Here is the table that fails:

CREATE TABLE [dbo].[GLJNL](
    [ID_] [bigint] IDENTITY(1,1) NOT NULL,
    [ACCOUNT_NUMBER] [decimal](7, 0) NOT NULL,
    [TRX_DATE] [date] NOT NULL,
    [DEBIT_AMOUNT] [decimal](11, 2) NOT NULL,
    [CREDIT_AMOUNT] [decimal](11, 2) NOT NULL,
    [SOURCE] [nvarchar](6) NOT NULL,
    [REFERENCE] [nvarchar](35) NOT NULL,
    [REF_1] [nvarchar](35) NOT NULL,
    [REF_2] [nvarchar](35) NOT NULL,
    [ROWVERSION] [timestamp] NOT NULL,
 CONSTRAINT [PK_GLJNL] PRIMARY KEY CLUSTERED 
(
    [ACCOUNT_NUMBER] ASC,
    [TRX_DATE] ASC,
    [ID_] ASC
)WITH (PAD_INDEX = OFF, STATISTICS_NORECOMPUTE = OFF, IGNORE_DUP_KEY = OFF, ALLOW_ROW_LOCKS = ON, ALLOW_PAGE_LOCKS = ON, OPTIMIZE_FOR_SEQUENTIAL_KEY = OFF) ON [PRIMARY]
) ON [PRIMARY]
GO

Solution

  • The following query generates a perfectly efficient execution plan for me.
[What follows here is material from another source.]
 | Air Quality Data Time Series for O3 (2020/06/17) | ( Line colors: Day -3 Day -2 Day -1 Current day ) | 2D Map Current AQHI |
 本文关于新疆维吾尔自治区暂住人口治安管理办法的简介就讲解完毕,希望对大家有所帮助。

    DECLARE @ACCOUNT_NUMBER decimal(7,0), @TRX_DATE DATE, @ID_ BIGINT
    
    SELECT TOP 1 * 
    FROM  [dbo].[GLJNL]
    where (ACCOUNT_NUMBER = @ACCOUNT_NUMBER and TRX_DATE = @TRX_DATE and ID_ >= @ID_)
     or (ACCOUNT_NUMBER = @ACCOUNT_NUMBER and TRX_DATE > @TRX_DATE)
     or (ACCOUNT_NUMBER > @ACCOUNT_NUMBER)
    ORDER BY 
        [ACCOUNT_NUMBER] ASC,
        [TRX_DATE] ASC,
        [ID_] ASC
    

    It just has one seek operator with three disjunct seek predicates and will process those in order and return the first row from the first one that returns a result.
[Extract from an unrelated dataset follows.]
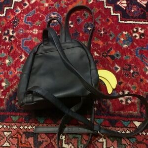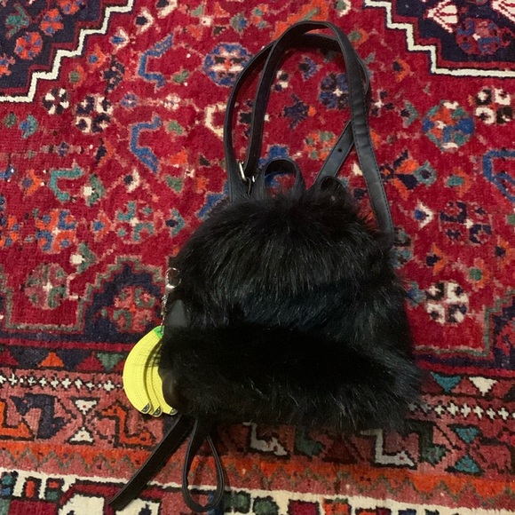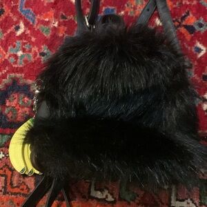 Mini black backpack. The front of the bag is fury like thick straight hair.

    enter image description here

    It would be "nicer" if it just did a single seek predicate starting at (@ACCOUNT_NUMBER, @TRX_DATE, @ID_) but there is no way of expressing the query to get SQL Server to do that AFAIK (it doesn't support syntax such as WHERE (ACCOUNT_NUMBER, TRX_DATE, ID_) > (@ACCOUNT_NUMBER, @TRX_DATE, @ID_)) and the difference in practical terms is pretty minimal anyway.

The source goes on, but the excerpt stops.